Я помню, что брата в милицию взяли и посадили, потому что тогда в газетах печатались уже списки лишенцев — людей, которых лишали прав, и мы как дети лишенцев уже подвергались остракизму.
Потом у нас была двухкомнатная квартирка на Фрунзенской набережной — маленькая очень. Иногда послы удивлялись. А они меня провоцировали — послы:
— Вы знаете, у вас все-таки странно: никто не приглашает в гости.
Я говорю:
— Что вы?! Это вам так кажется!
— Так пригласите.
— Да на здоровье.

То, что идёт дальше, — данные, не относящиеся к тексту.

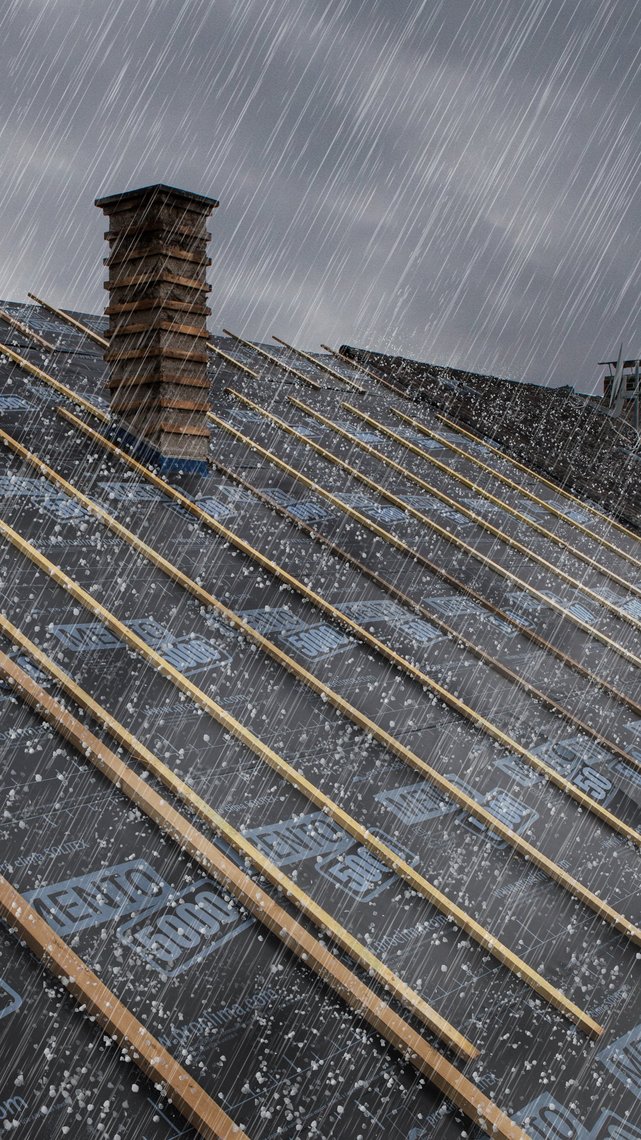 Les écrans de sous-toiture pro clima offrent une protection supplémentaire essentielle : même lorsque les tuiles cassent sous l'impact des grêlons, les écrans maintiennent la paroi au sec.
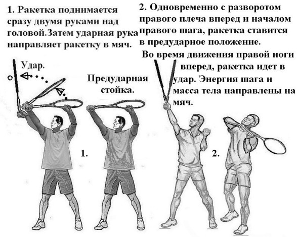 Игрок становится в предударную стойку, когда уже встал под мяч и мысленно нашел точку удара по падающему мячу. Скорость руки с ракеткой, от замаха до точки удара в мяч, зависит от скорости падения мяча. Удар выполняется на полностью распрямленную руку с ракеткой.

Поехали.
— Как?
Я говорю:
— Только вот я не за рулем сегодня.
— А вы не боитесь сесть в машину посла?
— Да кто вам все такие глупости говорит? Поехали. Я только не помню, есть у меня выпивка или нет.
Тот говорит:
— Ну, это мы захватим.
И потом, когда посол входил, он говорил:
— Простите, это ваша квартира?
Я говорю:
— А чего? Заходите. Сейчас все сделаем. Все будет нормально. — Балкончик, турник показывал, как я подтягиваюсь. Потом после нескольких таких визитов меня вызвали. Сказали:
— Почему вы не просите квартиры? Как вам не стыдно приводить иностранцев в такое жилье, позорите нас.
Это было, когда уже существовал Театр на Таганке.
В этой квартире умер и папа.
Мама была учительницей. Она преподавала в младших классах.
Однажды, когда мама была уже старенькой и больной, вернувшись домой, я застал ее стоящей на стуле: она снимала книги с полок, освобождая их от картонных обложек. Я спросил:
— Что ты делаешь, мама?
— Юрик, это надо обязательно сделать, — сказала она, — а то книги задыхаются. Но задыхалась уже мама…
Пожалуй, самое сильное мое первое театральное впечатление, это когда папа привел нас во МХАТ смотреть «Синюю птицу» Метерлинка.